Bio-based fuels have emerged as an alternative to bio-based diesel, but the challenge has come with developing a fuel that won’t require major changes to engines or exhaust systems. Perhaps more importantly, they need to address logistics: how can the fuel be delivered, handled, and stored? The best answer may have already arrived in the form of HVO. For data centers, HVO represents one of the cleanest fuels on the market and the best option for a renewable diesel alternative—and many have already taken notice. Earlier this year Compass announced it will move to HVO for all onsite generators, and Kao Data has already done so. Equinix has begun implementing HVO usage, as has Digital Realty and maybe the biggest player of all, Microsoft.

Making The Switch to HVO

The main reason data centers are adopting HVO? Emissions. Overall carbon dioxide emissions can be reduced up to 90% compared to conventional diesel. Other emissions—like sulfur, nitrogen oxide, carbon monoxide, and particulate matter—are also greatly reduced. Cleaner emissions will only become more important in the future, as legislators become increasingly strict on companies decarbonizing their operations.

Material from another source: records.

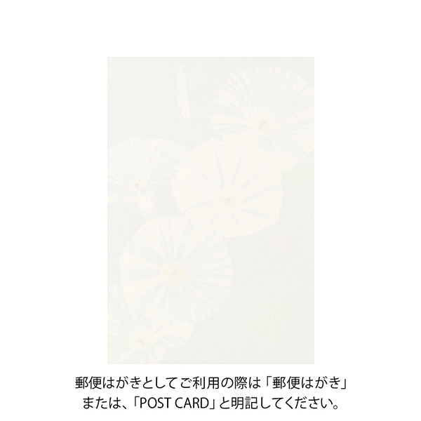 | 備考 | ・郵送はがきとしてご利用の際は、はがきの宛名面に「郵便はがき」または「POST CARD」と明記してください。 ・本製品はシルクスクリーン印刷のインキによるにおいが、まれに残っている場合がありますが人体に影響はありません。 ・ご使用になる筆記具によっては、はじいたり、にじむ場合がありますのでご注意ください。 ・和紙には樹皮等の原材料が混入している場合があります。 |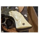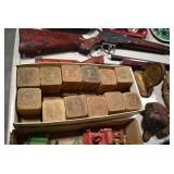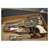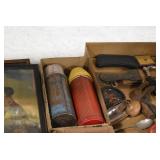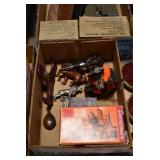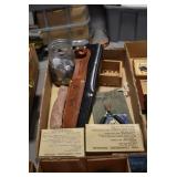 Sporting Related: Hunting Clothing, Vintage Hatchets and Knives, Game Calls, Multi Tools, BB Guns, Ammunition, Leather Holster Rigs, Cap Guns, and Other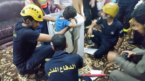 تمكنت فرقه إنقاذ من إدارة الدفاع المدني بمدينة تبوك مغرب هذا اليوم السبت من تحرير طفل عمره 3 سنوات احتجز في نشافة مغسلة ملابس في منزل والده بحي الفيصلية، وقد تمكنت من فك احتجاز الطفل في مدة عشر دقائق وحالته سليمة- ولله الحمد-، حيث تم الكشف عليه من قبل الهلال الأحمر الموجود في الموقع.

Luckily for data centers, the changeover to HVO can be quick and easy with generators like Kohler’s. Not only is a special generator not required, no modification or upgrade of any kind is needed to start using HVO. It can be used pure or blended in any combination, with no changes to any warranty conditions, software, or maintenance schedule. Everything is already fully approved for implementation right away.

If the search for a replacement renewable energy source, HVO appears ready to emerge as a significant market solution. The benefits to data center backup power are considerable, and the ability to use existing generators make the switch easy. If the trend continues, HVO may not just be on the data center radar, it might be right in the middle of it.